J Neuroimmunol. 1992 Nov;41(1):81-7. doi: 10.1016/0165-5728(92)90198-t.
Culture supernatants from lipopolysaccharide (LPS)-treated murine microglial cells were found to markedly induce the expression of human immunodeficiency virus (HIV)-1 in the chronically infected human promonocytic cell line U1 as detected by measurements of HIV-1 p24 antigen release into U1 culture supernatants. Antibody to tumor necrosis factor (TNF)-alpha had an inhibitory effect on the induction of virus by microglial cell supernatants. Also, treatment of microglia with pentoxifylline, an inhibitor of TNF-alpha production, resulted in suppressed amounts of TNF in the supernatants of LPS-treated microglia and in a reduced stimulatory capacity of these supernatants on HIV-1 expression in U1 cells. These findings support the concept that TNF-alpha production by glial cells plays a pathogenetic role in HIV-1-associated brain disease by promoting the expression of the virus in infected cells.
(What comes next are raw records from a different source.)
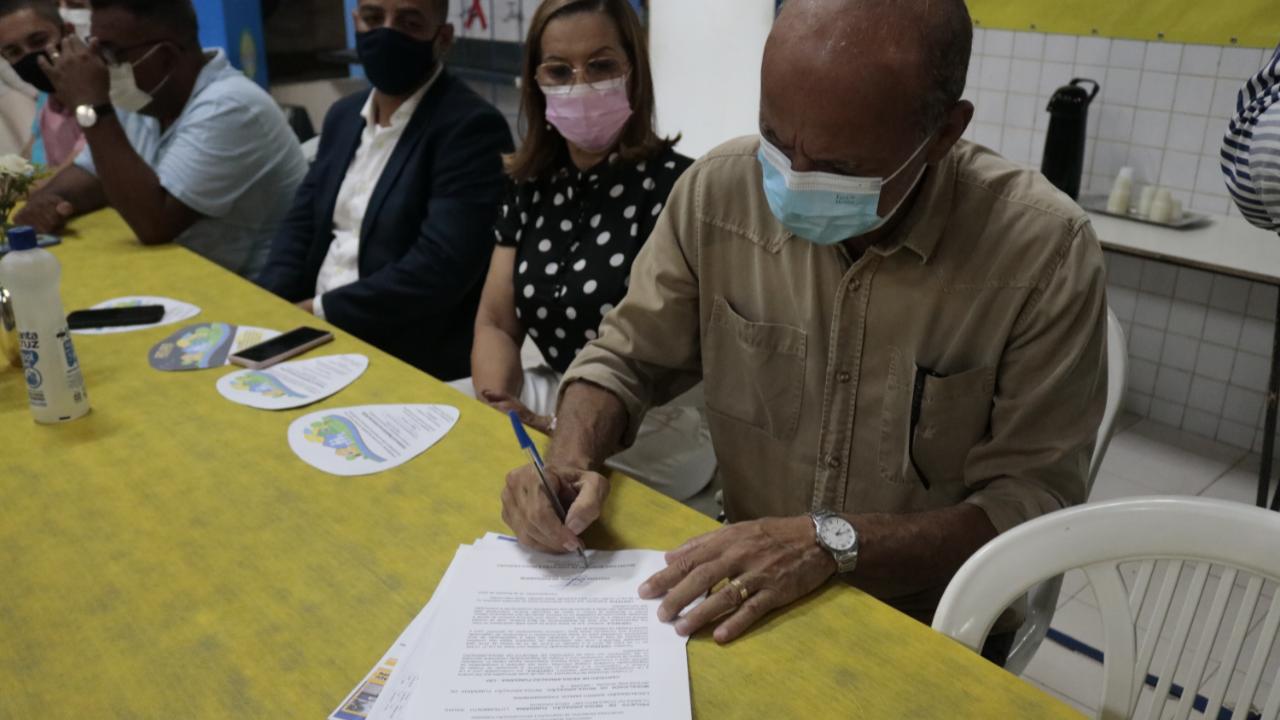 A solenidade de assinatura foi realizada na Escola Municipal Manoel Machado, localizada no Conjunto Jardim Aeroporto, em Emaús e contou com a presença dos moradores contemplados, além do presidente da Câmara Municipal, Wolney França e demais vereadores.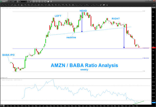 as you can see … AMZN took the strength from BABA for about a year .. then they were neck-in-neck (shown as the H+S developing) then in June 2017 BABA took off and started to outperform …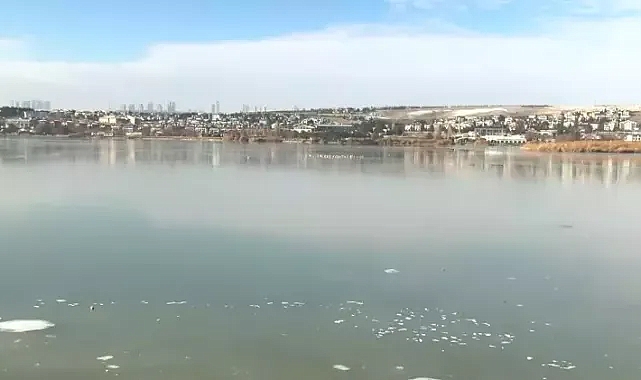 Gölbaşı ilçesindeki Mogan Gölü'nün yüzeyi de soğuk havanın etkisiyle buz tuttu. Gölde oluşan buz tabakasının üzerindeki kuşlar dikkat çekti.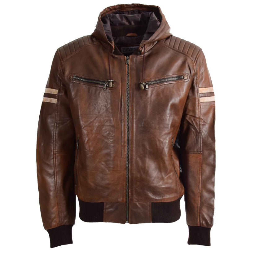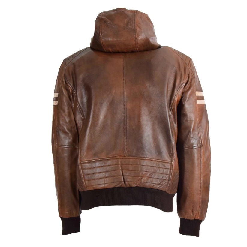 Mens Brown Leather Bomber Hoodie Jacket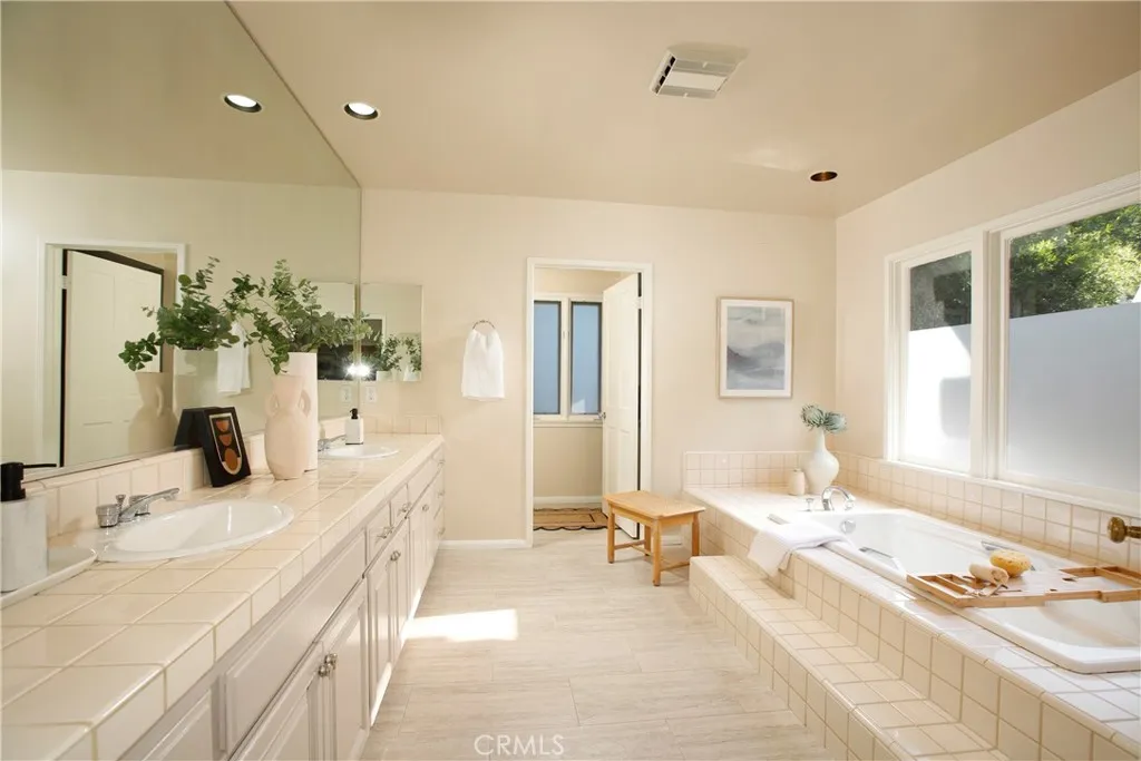 Santa Barbara is a unique avenue of annual block parties and kids actually playing on their front lawns in the shade of mature trees. These Owners have loved living here for over 40 years. In that time that have preserved the original character while transforming it to this elegant one-story estate of almost 3,000 sf. The formal entry opens to a beautiful formal living room with rich wood flooring, original double hung windows, and a warm fireplace. The dining room seats a rather large party for formal entertaining. The kitchen has been tastefully remodeled and expanded with more wood flooring, custom cabinetry, dark quarts counters, high end appliances and a large breakfast room. Of course, this culinary hub of the house opens to the family room with its own fireplace, custom built-ins, and glass doors that open to the rear grounds. The primary suite is its own wing with a huge bedroom with an antique marble fireplace mantel, a true walk-in closet, and a glorious bath with dual sinks, separate stall shower, and a soaking tub. The west wing has two more large bedrooms, two gorgeous remodeled baths, and perhaps the best home office I have ever seen with a high ceiling, custom cabinets, and a wall of glass that opens out to the private paradise yard with a spectacular pool and spa. This room was also designed to be a fourth bedroom with its own ingress. This is a rare home that offers more features than I can list, but just a few include a newer roof with solar panels, updated copper plumbing, updated electrical panel, central air and heating, and a two-car attached garage.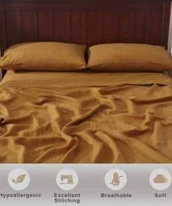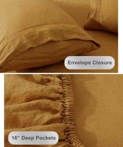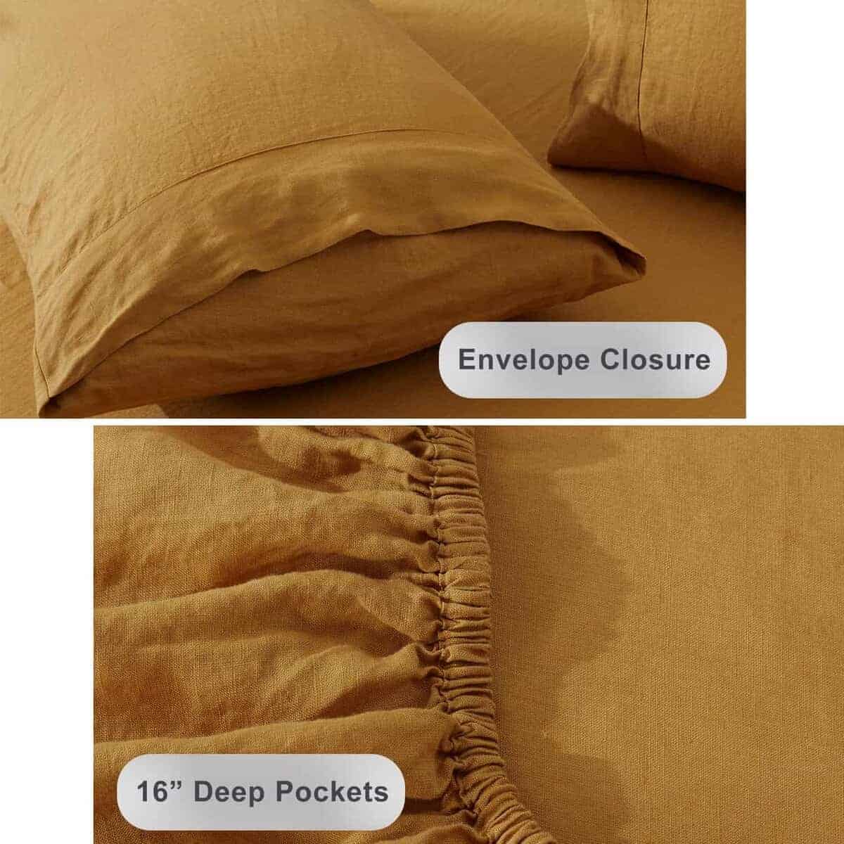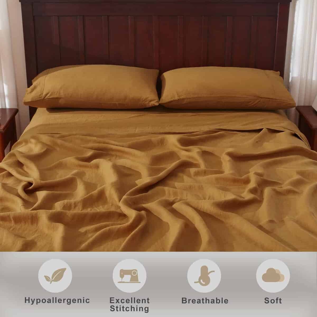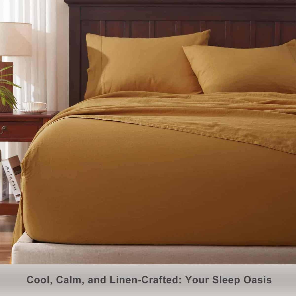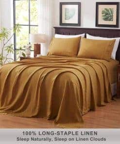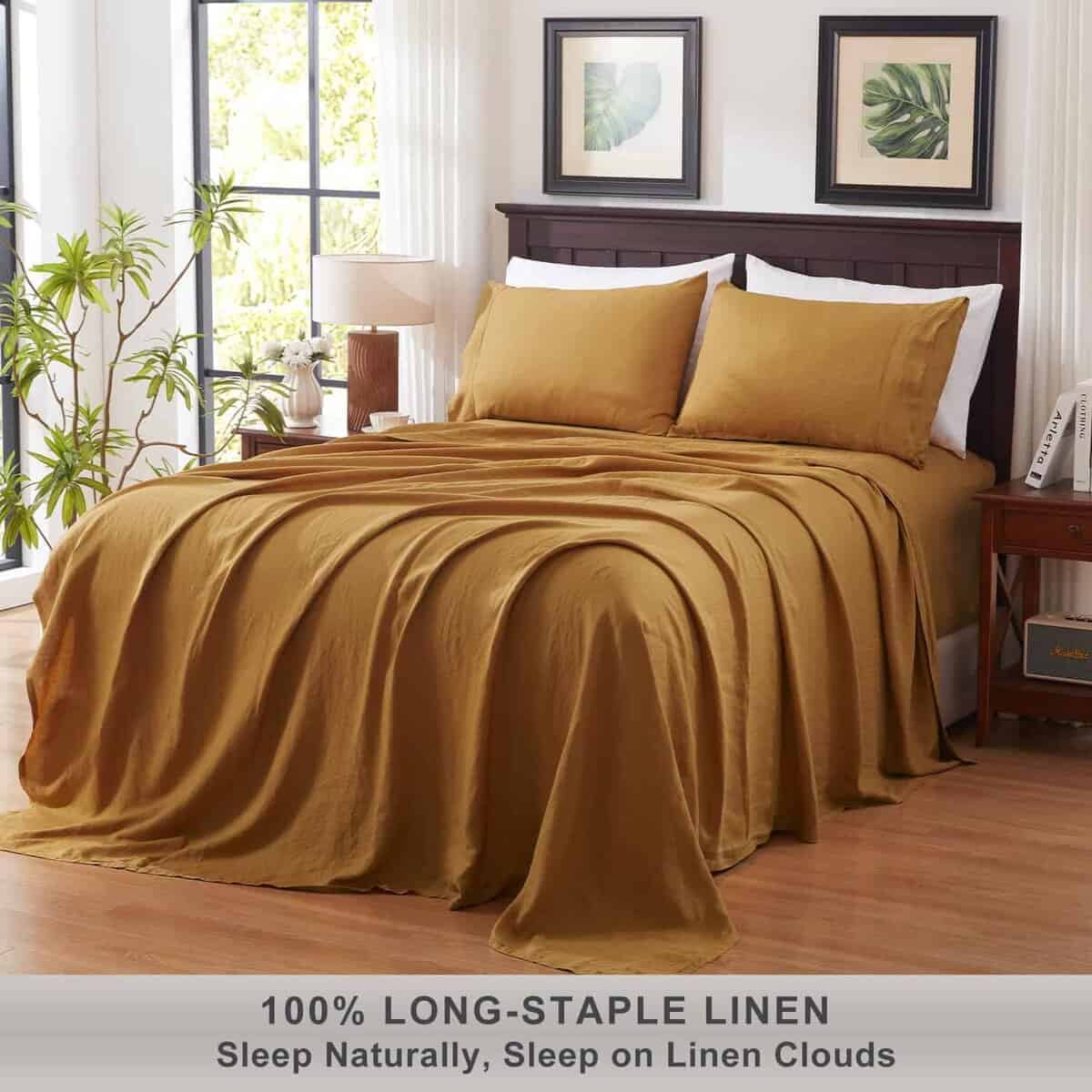 Juego de sábanas de lino puro TOSMO, 100% -Amarillo Butternu

通过测量释放到U1培养上清液中的人类免疫缺陷病毒(HIV)-1 p24抗原,发现脂多糖(LPS)处理的小鼠小胶质细胞的培养上清液可显著诱导慢性感染的人类原单核细胞系U1中HIV-1的表达。肿瘤坏死因子(TNF)-α抗体对小胶质细胞上清液诱导病毒具有抑制作用。此外,用TNF-α产生抑制剂己酮可可碱处理小胶质细胞,导致LPS处理的小胶质细胞上清液中TNF含量降低,且这些上清液对U1细胞中HIV-1表达的刺激能力减弱。这些发现支持了这样一种观点,即神经胶质细胞产生的TNF-α通过促进病毒在感染细胞中的表达,在HIV-1相关脑病中发挥致病作用。